Jeugd Wonen betreft vier woonvormen: pleegzorg (voltijd), gezinshuizen, leefhuizen en begeleid zelfstandig wonen. De kern van de zaak gaat om de vraag of de gemeente van inschrijvers mag vragen dat zij naast de drie andere woonvormen minimaal vijftig pleegzorgbedden aanbieden. De rechter oordeelt dat dit mag.
Ten eerste omdat de gemeente een verschuiving wil naar lichtere en meer gezinsgerichte woonvormen, en pleegzorg is de lichtste en meest gezinsgerichte woonvorm, en dus onmisbaar bij uitvoering van de wens van de gemeente om zorg integraal aan te bieden, waarbij zorg naar de jeugdige komt in plaats van andersom.

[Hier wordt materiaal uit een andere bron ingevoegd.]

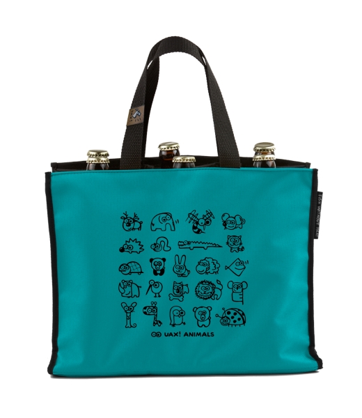 BEER CARRIER - bag for beer with design 1168 UAX! ANIMALS in color TURQUOISE

Ten tweede omdat de ervaring van zorgaanbieders bij elkaar opgeteld mocht worden, zodat er voldoende gelegenheid was voor kleine zorgaanbieders om als onderdeel van een consortium of als onderaannemer in aanmerking te komen voor de opdracht.
Ten derde omdat een gevraagd aantal van vijftig bedden op een benodigd aantal van zevenhonderd niet zonder meer disproportioneel te noemen is, zeker niet gelet op het feit dat er binnen de regio drie aanbieders zijn die dit aantal kunnen leveren en er ook buitenregionaal naar pleegzorgaanbieders mocht worden gezocht Eiseressen hebben dit laatste te laat gedaan, omdat zij uitgingen van de verkeerde veronderstelling dat enkel binnen de regio gezocht mocht worden naar pleegzorgaanbieders. Dit komt voor hun rekening en risico, want dit is nergens in de aanbestedingsleidraad terug te lezen.
Verder vonden eiseressen nog dat pas later de eis is toegevoegd dat ook ervaring in het verleden moest worden aangetoond met minimaal vijftig pleegzorgbedden. De rechter oordeelt dat dit standpunt niet klopt. Al in de aanbestedingsleidraad staat dat niet alleen minimaal vijftig pleegzorgbedden moeten worden geleverd in 2023, maar ook dat ervaring hiermee moet worden aangetoond gedurende de referentieperiode.
Eiseressen vonden verder nog dat de inschrijftermijn te kort was, maar die was volgens de rechter lang genoeg.
Ten slotte voerden eiseressen aan dat de aanbesteding in strijd was met de Jeugdwet, maar ook hierin kregen zij geen gelijk.
Conclusie van de rechter was dan ook dat de vorderingen van eiseressen moesten worden afgewezen.